Part 1 is focused on finding an accurate nose tip. The project casts the nose detection problem as a pixel coordinate regression problem, where the input is a single grayscale image, and the outputs are the nose tip positions (x, y). In practice, (x, y) are represented as the ratio of image width and height, ranging from 0 to 1.

The model architecture that I used is below, which consists of 3 convolutional layers in equal splits (n=12) from 1-32. The first layer has a kernel size of 5x5 and the remaining layers 3x3.

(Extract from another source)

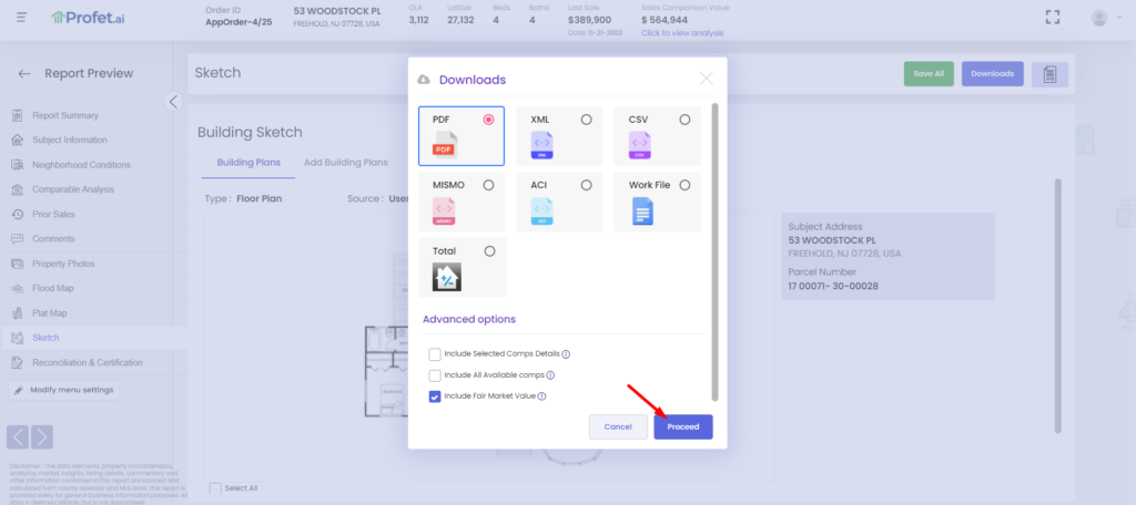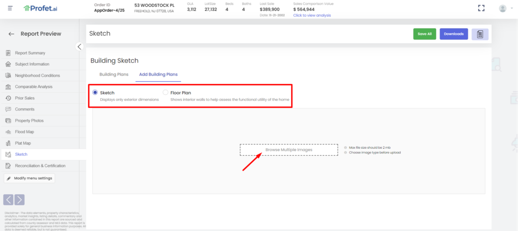 Here are the steps to upload the sketches into any Appraisal Report. The feature is also available for all report types provided by Profet.ai.

To calculate the fully connected input dimensions I printed the shape of the network after the last pooling layer: 1536 (# Channels x H x W).

```
Network Architecture:
Net_(
(conv1): Conv2d(1, 12, kernel_size=(5, 5), stride=(1, 1), padding=(2, 2))
(conv2): Conv2d(12, 24, kernel_size=(3, 3), stride=(1, 1))
(conv3): Conv2d(24, 32, kernel_size=(3, 3), stride=(1, 1))
(pool): MaxPool2d(kernel_size=2, stride=2, padding=0, dilation=1, ceil_mode=False)
(fc1): Linear(in_features=1536, out_features=300, bias=True)
(fc2): Linear(in_features=300, out_features=2, bias=True)
)
```

The purpose of this part of the assignment is to conduct full face keypoint detection using a larger image size (I picked 160x120 px).

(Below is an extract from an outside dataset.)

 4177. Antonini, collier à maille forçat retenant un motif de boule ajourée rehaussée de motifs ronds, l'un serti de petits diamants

Because we are using bigger images, of course we need more convolutional layers. This time I implemented a 5 layer CNN, still with a max pooling layer.

Some design choices include: -Setting the bias parameter to True -Adjusting the kernel size for the first convolutional layer to 7, the 2nd two to 5 and the 2nd to last to 3. -Setting the learning rate to .0005 and increasing the number of epochs to 40

The results of this process were a bit more unstable than I expected. This is likely due to the small amount of traning data and the relative simplicity of the model itself.

As you can see, there is good performance on some examples, but the failure cases are quite extreme.